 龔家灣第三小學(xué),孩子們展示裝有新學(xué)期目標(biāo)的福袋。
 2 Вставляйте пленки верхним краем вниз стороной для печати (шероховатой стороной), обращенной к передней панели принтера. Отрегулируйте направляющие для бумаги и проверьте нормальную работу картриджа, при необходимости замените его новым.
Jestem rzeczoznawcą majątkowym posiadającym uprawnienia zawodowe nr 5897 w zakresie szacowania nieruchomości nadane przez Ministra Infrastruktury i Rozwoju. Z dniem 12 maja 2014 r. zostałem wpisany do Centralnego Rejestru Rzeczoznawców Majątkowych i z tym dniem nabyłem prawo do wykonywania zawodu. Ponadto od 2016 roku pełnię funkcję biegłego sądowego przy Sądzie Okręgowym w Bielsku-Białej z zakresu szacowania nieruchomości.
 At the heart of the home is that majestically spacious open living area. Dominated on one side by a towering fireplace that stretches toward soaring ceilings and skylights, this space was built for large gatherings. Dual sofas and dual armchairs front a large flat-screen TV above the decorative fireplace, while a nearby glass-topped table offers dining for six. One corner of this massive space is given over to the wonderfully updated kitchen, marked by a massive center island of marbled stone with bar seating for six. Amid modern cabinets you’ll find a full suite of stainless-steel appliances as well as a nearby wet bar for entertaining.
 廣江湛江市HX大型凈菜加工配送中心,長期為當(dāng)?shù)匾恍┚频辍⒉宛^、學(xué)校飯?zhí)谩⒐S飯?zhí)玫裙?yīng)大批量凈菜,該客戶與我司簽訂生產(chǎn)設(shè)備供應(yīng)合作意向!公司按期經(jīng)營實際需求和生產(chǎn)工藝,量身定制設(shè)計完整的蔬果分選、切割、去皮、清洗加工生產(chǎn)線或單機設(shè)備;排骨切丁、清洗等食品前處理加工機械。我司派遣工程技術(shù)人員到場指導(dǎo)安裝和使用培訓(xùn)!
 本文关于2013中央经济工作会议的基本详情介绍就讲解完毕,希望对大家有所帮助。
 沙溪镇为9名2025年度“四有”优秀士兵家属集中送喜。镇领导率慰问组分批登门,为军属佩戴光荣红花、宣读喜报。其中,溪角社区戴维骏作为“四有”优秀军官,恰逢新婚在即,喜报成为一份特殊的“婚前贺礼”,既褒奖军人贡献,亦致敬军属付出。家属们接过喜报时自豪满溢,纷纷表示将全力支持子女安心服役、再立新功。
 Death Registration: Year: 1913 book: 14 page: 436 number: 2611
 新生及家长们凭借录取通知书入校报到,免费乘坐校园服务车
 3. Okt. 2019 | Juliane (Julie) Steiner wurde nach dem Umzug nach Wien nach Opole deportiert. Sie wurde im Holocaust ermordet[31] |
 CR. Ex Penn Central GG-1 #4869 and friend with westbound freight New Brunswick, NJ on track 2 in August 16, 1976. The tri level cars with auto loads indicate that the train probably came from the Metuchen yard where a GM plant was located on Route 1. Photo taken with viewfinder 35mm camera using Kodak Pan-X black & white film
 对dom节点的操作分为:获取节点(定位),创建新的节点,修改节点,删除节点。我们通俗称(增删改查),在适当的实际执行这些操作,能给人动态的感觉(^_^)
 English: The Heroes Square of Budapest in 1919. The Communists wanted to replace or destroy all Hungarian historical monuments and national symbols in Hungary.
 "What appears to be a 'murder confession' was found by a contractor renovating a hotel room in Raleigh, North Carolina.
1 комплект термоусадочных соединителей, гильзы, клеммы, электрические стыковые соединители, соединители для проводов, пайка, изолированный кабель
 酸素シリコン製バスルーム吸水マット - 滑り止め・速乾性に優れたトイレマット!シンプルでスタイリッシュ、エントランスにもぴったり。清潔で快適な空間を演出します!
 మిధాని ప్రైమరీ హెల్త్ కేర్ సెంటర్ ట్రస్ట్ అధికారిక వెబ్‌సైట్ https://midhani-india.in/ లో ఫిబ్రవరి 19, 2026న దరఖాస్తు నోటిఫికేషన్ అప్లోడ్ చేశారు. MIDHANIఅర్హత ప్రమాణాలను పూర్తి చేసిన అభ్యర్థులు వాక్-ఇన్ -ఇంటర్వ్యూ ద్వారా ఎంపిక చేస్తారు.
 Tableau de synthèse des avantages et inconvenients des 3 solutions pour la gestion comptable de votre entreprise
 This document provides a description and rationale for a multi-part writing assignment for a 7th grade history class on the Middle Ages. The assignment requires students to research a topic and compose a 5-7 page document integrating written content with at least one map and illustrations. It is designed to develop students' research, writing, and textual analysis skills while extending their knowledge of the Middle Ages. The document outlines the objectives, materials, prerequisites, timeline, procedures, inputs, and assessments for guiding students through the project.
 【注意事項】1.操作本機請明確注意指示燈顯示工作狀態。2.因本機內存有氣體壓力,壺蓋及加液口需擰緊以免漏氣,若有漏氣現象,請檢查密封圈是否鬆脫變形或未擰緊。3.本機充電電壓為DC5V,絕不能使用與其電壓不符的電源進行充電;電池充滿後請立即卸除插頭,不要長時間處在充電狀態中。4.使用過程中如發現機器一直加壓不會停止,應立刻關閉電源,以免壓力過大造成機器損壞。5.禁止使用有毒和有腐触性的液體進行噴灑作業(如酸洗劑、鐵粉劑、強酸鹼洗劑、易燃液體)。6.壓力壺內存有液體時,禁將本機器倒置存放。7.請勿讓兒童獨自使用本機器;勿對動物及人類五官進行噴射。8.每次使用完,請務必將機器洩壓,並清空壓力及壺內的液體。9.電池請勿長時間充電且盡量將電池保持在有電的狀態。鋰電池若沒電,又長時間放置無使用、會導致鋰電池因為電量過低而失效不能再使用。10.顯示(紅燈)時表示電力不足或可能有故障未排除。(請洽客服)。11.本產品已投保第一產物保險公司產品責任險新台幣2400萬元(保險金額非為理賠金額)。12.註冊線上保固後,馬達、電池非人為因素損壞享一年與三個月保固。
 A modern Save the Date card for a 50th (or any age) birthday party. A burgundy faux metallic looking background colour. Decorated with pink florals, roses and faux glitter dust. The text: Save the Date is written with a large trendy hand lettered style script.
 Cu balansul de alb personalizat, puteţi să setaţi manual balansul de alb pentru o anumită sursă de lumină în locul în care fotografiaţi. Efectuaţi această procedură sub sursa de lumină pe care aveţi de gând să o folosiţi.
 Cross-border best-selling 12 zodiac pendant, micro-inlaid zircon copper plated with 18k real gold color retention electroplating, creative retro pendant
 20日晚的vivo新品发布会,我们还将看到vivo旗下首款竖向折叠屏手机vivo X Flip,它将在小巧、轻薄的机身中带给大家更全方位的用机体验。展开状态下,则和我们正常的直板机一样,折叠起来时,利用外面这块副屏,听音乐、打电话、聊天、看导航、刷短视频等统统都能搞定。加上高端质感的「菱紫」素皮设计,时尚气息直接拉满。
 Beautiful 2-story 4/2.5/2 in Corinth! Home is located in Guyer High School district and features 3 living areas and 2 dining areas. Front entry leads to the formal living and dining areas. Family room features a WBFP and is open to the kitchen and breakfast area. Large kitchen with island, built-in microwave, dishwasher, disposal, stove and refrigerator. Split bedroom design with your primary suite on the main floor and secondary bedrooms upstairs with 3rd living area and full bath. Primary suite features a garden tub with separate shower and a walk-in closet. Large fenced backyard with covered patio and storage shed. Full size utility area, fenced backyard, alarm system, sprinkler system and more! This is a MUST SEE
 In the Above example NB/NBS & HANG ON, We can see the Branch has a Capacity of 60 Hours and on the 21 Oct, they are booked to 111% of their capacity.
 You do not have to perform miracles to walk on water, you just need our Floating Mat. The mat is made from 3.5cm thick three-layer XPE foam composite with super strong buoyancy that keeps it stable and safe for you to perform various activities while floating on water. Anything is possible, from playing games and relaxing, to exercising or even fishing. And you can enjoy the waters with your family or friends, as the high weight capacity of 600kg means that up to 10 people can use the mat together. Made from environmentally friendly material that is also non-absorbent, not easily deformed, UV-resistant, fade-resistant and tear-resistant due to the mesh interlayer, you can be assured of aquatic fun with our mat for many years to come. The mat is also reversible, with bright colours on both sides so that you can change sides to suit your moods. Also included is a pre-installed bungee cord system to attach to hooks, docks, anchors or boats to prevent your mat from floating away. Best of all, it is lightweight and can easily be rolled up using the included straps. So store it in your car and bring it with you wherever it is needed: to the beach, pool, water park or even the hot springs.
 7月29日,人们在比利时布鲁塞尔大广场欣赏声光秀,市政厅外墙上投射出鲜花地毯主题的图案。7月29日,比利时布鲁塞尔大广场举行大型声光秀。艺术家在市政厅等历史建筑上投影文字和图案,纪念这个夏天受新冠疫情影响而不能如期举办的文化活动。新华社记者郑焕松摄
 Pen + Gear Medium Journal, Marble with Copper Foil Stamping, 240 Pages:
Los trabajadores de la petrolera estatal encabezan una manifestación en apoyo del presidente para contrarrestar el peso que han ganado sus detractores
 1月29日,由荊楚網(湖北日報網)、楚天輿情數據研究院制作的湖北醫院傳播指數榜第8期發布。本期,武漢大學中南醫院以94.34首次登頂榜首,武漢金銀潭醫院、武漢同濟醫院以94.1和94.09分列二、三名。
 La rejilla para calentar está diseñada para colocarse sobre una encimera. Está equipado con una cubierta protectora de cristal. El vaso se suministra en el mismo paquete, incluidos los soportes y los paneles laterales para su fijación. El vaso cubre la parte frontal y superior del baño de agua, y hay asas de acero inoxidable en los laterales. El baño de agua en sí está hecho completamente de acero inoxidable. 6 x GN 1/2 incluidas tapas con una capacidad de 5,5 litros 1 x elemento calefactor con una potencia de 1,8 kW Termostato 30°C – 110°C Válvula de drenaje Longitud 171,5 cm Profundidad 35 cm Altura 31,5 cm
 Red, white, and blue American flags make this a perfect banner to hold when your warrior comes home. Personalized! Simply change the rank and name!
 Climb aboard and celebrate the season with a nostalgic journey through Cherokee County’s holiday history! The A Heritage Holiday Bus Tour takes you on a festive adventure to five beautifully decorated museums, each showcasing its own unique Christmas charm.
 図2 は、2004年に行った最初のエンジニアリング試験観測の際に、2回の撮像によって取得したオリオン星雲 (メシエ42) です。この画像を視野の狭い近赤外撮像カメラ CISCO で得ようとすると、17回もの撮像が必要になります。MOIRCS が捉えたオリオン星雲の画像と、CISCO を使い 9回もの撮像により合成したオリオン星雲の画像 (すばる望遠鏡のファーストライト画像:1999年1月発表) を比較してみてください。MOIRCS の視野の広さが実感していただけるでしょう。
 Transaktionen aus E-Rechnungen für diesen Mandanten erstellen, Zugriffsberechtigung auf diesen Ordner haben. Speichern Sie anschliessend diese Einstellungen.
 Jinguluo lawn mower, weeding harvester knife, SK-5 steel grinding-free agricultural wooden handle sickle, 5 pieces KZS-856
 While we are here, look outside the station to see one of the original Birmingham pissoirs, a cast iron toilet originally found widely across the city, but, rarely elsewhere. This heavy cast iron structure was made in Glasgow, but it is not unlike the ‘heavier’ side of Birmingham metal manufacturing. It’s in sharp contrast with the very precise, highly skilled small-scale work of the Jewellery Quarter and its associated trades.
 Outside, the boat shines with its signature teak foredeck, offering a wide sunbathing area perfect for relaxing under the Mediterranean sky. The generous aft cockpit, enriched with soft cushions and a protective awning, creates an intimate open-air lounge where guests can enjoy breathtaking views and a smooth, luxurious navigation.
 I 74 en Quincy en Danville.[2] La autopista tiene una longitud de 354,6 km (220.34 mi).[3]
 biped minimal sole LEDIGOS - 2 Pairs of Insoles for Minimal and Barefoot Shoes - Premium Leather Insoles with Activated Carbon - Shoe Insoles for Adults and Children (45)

☆ ☆ ☆ ☆ ☆

--- Exercise ---
Pull every line holding "steel" out of the records.

--- Solution to the problem ---
 At the heart of the home is that majestically spacious open living area. Dominated on one side by a towering fireplace that stretches toward soaring ceilings and skylights, this space was built for large gatherings. Dual sofas and dual armchairs front a large flat-screen TV above the decorative fireplace, while a nearby glass-topped table offers dining for six. One corner of this massive space is given over to the wonderfully updated kitchen, marked by a massive center island of marbled stone with bar seating for six. Amid modern cabinets you’ll find a full suite of stainless-steel appliances as well as a nearby wet bar for entertaining.
 Jinguluo lawn mower, weeding harvester knife, SK-5 steel grinding-free agricultural wooden handle sickle, 5 pieces KZS-856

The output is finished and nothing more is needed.